- Claro que sim - respondi. - E, com efeito, de que assunto haveria um homem sensato de gostar de falar e ouvir falar com mais frequência?
- A tua observação é excelente - disse ele. - Escuta então o que eu devia expor-te em primeiro lugar: qual é a natureza e a origem da justiça?
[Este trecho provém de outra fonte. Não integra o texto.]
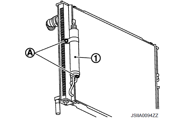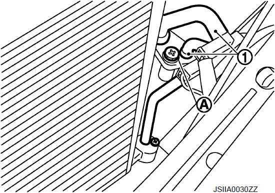 - 7. Выверните крепежный болт (А) из узла труб конденсатора (1).

»Os homens pretendem que, por natureza, é bom cometer a injustiça e mau sofrê-la, mas que há mais mal em sofrê-la do que bem em cometê-la. Por isso, quando mutuamente a cometem e a sofrem e experimentam os dois estados, os que não podem evitar um nem escolher o outro julgam útil entender-se para não voltarem a cometer nem a sofrer a injustiça. Daí nasceram as leis e as convenções e considerou-se legítimo e justo o que prescrevia a lei. É esta a origem e a essência da justiça: situa-se entre o maior bem - cometer impunemente a injustiça - e o maior mal- sofrê-la quando se é incapaz de vingança. Entre estes dois extremos, a justiça é amada não como um bem em si mesma, mas porque a impotência para cometer a injustiça lhe dá valor. Com efeito, aquele que pode praticar esta última nunca se entenderá com ninguém para se abster de a cometer ou sofrer, porque seria louco. Tal é, Sócrates, a natureza da justiça e a sua origem, segundo a opinião comum.